この人に聞く/ナブコシステム社長・山村望氏/11月に設立60周年

 ◇周囲化から存続を望まれる会社に
 自動ドア国内シェアナンバーワンを誇るナブテスコの東日本地区販売会社として設立され、11月に60周年を迎えるナブコシステム。ナブテスコとの強い結束力を武器にさらなるシェアの拡大を目指す一方で、経営を支える人材育成にも力を注ぐ。「周囲に存続してほしいと思われることが重要」という山村望社長に今後の経営方針を聞いた。
 --設立60周年を迎える。
 「当社と西日本地区担当のナブコドア、九州地区担当のオリエント産業の3社が強力な販売ネットワークを作り上げ、成長してきた。今ではすべての都道府県に販売・施工・メンテナンス機能がそろっている。これはこの業界でナブコグループだけ。ナブコがやっているのは、ただひたすら通行者、歩行者の安全を守ること。ナブテスコとグループ会社が意見を交わしながら改善を積み重ねてより良い商品を生み出し、製販一体でさらなる業績アップとニーズの確保を目指す」
 --経営状況は。
 「業績は良好だ。特に東北地区の売り上げがここ数年で伸びている。

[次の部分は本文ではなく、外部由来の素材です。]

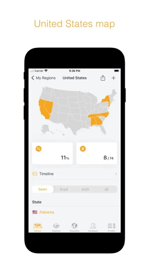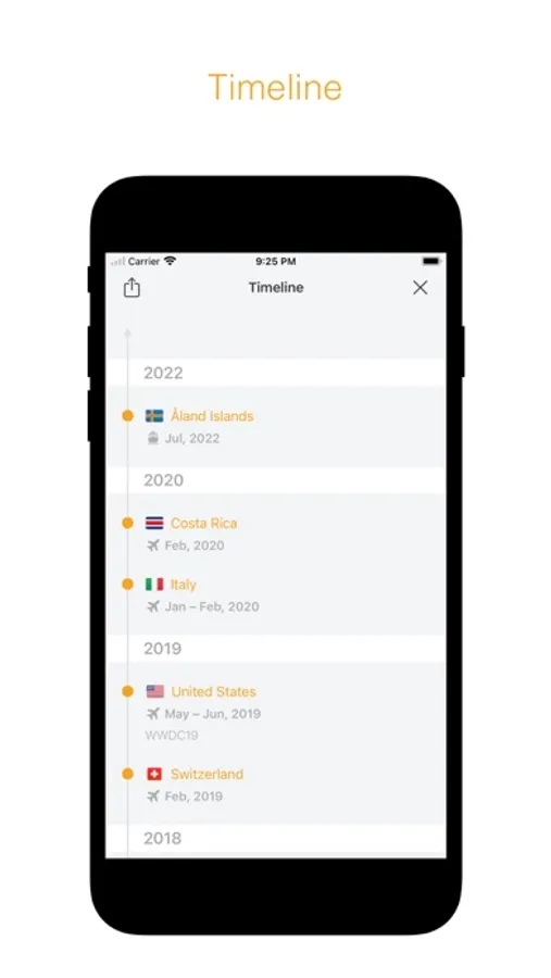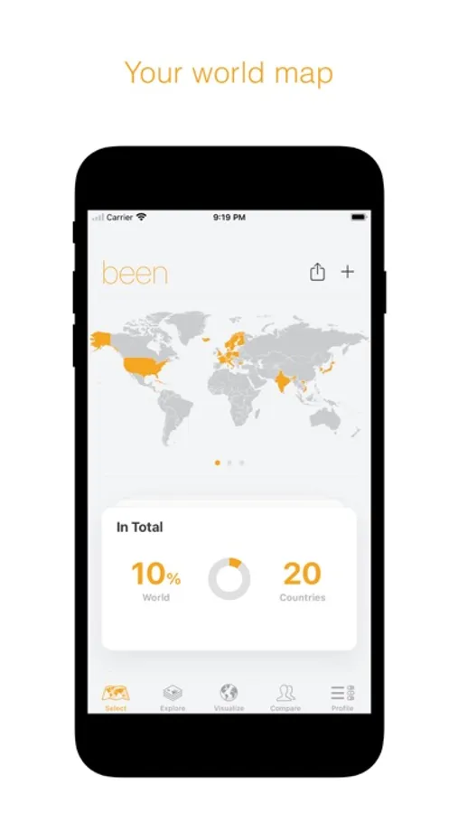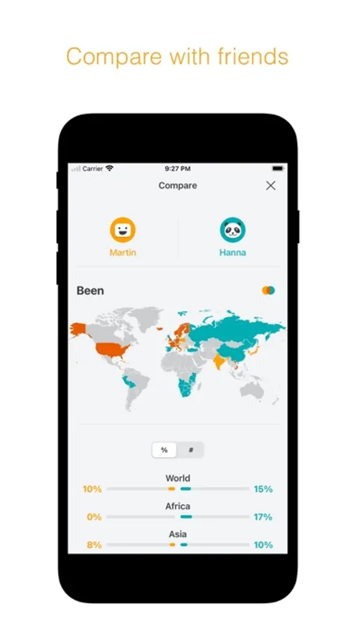 Keep track of countries and US states that you have visited, and if you wish, also when you visited. The app visualizes the visited countries both as a list, along with a ratio for each continent, and as a world map. The map can be shared on social networks, such as Instagram, Twitter and Facebook, using the standard iOS sharing functionality. You can compare your map with friends that also have the app, by sharing your map with them.

全国自動ドア協会によると、東北地区での当社のシェアは2013年の49・2%から16年には57・4%にまで上昇した。これからもシェアを伸ばし続けるためには、製品を売った後のフォローアップを綿密にすることだと思う」
 --今後の経営方針は。
 「コアビジネスの自動ドアの売り上げをさらに伸ばしていかなければならないというのが大前提。だがシェアをいきなり伸ばそうとすると、クオリティーが下がってしまう。まずは人員確保に努める。目標は大き過ぎず、常に101%を目指す」
 「2020年は意識している。今後予想される東京五輪や首都圏の再開発需要に対応し、さらなる品質の向上と事業の拡大を図るため、今年4月に子会社の新工場とショールームを建設し、生産力を旧工場の2倍ほどに増強した。さらに、現在830人ほどの社員数を20年には860人へと徐々に増やし、施工体制と生産体制の効率化も図る。長年東京に拠点を置いている企業として特に心血を注がなければいけないプロジェクトだと感じている」
 --目指す会社像は。
 「単に売り上げが伸びればよいわけではなく、数が出ていればリーディングカンパニーというわけでもない。企業として社会人の育成がしっかりできているか、周囲から存続してほしいと思われるかが重要だ。経営方針にある『感動をもたらす社員を育成する』を実践していきたい」
 「そういった社員を育成するために、『基本的なことをしっかりやり続ける』ということを徹底する。画期的な変化はリスクを伴うことが多い劇薬のようなもの。社員一人一人がやるべきことをひたすら続けることが重要で、そうすれば会社全体の質もおのずと上がっていく。そのことを社員に伝えていきたい。小さなことの繰り返しで一見変化が無いように見えるが、何年もたてば大きく変化しているというようにしたい」。(やまむら・のぞむ)

(日刊建設工業新聞様より引用)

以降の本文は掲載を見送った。